In our OpenAI-compatible server example, when the request specifies tool_calls or a legacy function_call, we automatically prepend a system message to the prompt with the schema and instructions for the LLM to use the tools provided. If your prompt already includes these instructions (because e.g. you want to customize them), this can be disabled with a non-standard option in the request payload: "tool_options": { "no_prompt_steering": true }

Testing

The library has been tested with the following datasets:

Fireworks.ai's function calling eval dataset
ALU.AI's table extraction evaluation dataset (not yet open-source)

Evaluations

We're starting to perform evaluations to understand how well different LLMs perform in function calling tasks. The tools and data can be found in the src/tests folder.

Fireworks.ai function calling eval dataset

Environment:

llm_structured_output v0.0.15
mlx 0.14.1
2023 Mac Studio M2 Ultra 24 cores (16 performance and 8 efficiency) 192 GB RAM running macOS Sonoma 14.5
LLM: mlx-community/Meta-Llama-3-8B-Instruct-4bit
Benchmarking LLM: gpt-4o-2024-05-13

Results:

Performance

Since we need to select the acceptable tokens prior to sampling, constraining the output according to a schema introduces a delay for every token, which depends on the complexity of the schema. On the other hand, since the output is guaranteed to be valid JSON and to conform to the schema, it can reduce the number of tokens generated and reduce or eliminate the number of retries required to solve the task.

Pre-emptive decoding experiment

As an experiment to improve performance, we implement the option to use pre-emptive decoding: when the range of tokens that can be accepted after the current one is small, as often happens with structured output, we submit to the LLM a batch of two-token continuations where the first token is the one that was to be evaluated anyway, and the second token in each item in the batch is one of the possible continuations predicted according to the schema. We can then sample two tokens instead of one. We find that this approach can occasionally produce considerable increases in token generation speed, but in general it can also considerably slow it down, depending on model and quantization. We found that it works better with no fp16 models (no quantization), but batching performance degrades vastly in quantized models making pre-emptive decoding not worth it for those models.

Benchmarks

The following tests were perfomed on an Apple Studio with an M2 Ultra (24 core) with 192GB of RAM using MLX version 0.9.0, with models converted to MLX format.
The results are the average of 5 runs on a simple data extraction task with a 127-token prompt.
Pre-emptive decoding was tested in two different forms: with a constant batch size, where we always sent the same size matrices for evaluation, and variable- size batching, where we made the batch large or shorter depending on the numer of possible follow-up tokens.

Mistral-7B-v0.2-Instruct (fp16)	Prompt tps	Generation tps	Generation tokens
No schema	305.82	34.76	321
Schema	307.00	31.70	42
Pre-emptive constant batch =5	211.72	33.16	42
Pre-emptive variable batch <=5	321.85	36.53	42

Notes:

Pre-emptive decoding accelerates generation even over schemaless generation.

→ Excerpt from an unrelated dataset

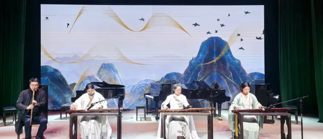 这场名为"乐韵华章"的舞台剧式新年音乐会,通过精心编排的20个音乐篇章,讲述了一个跨越时空的音乐故事。从开场曲《赛马》的草原风情,到《新年好》《恭喜恭喜》的温馨祝福,再到《高山青》《瑶族舞曲》的民族风情,整个演出带领观众踏上一段音乐之旅,每首乐曲都成为推动剧情发展的关键元素。《步步高》的古筝与二胡对话,象征着人生不断进取的精神;《酒狂》的古筝与非洲鼓碰撞,展现了东西方文化的交融;《相许》的钢琴与空灵鼓合奏,则演绎了一段浪漫的爱情故事。而压轴曲目《象王行》更是集钢琴、古筝、二胡、琵琶、笛子、中国鼓于一体,通过多种乐器的协奏,展现了中华文化的博大精深。

Mistral-7B-v0.2-Instruct (q4)	Prompt tps	Generation tps	Generation tokens
No schema	487.19	86.36	137
Schema	487.83	67.60	42
Pre-emptive constant batch =5	139.61	27.16	42
Pre-emptive variable batch <=5	488.88	36.25	42

Notes:

Pre-emptive decoding is vastly slower, with the only change being quantization.

Mixtral-8x7B-Instruct-v0.1 (fp16)	Prompt tps	Generation tps	Generation tokens
No schema	3.48	2.23	50
Schema	3.49	2.21	50
Pre-emptive constant batch =5	2.36	1.16	50
Pre-emptive variable batch <=5	3.18	1.68	50

Notes:

This is the only tested model that outputs schema-conforming output without a schema.
Pre-emptive decoding is a lot slower again.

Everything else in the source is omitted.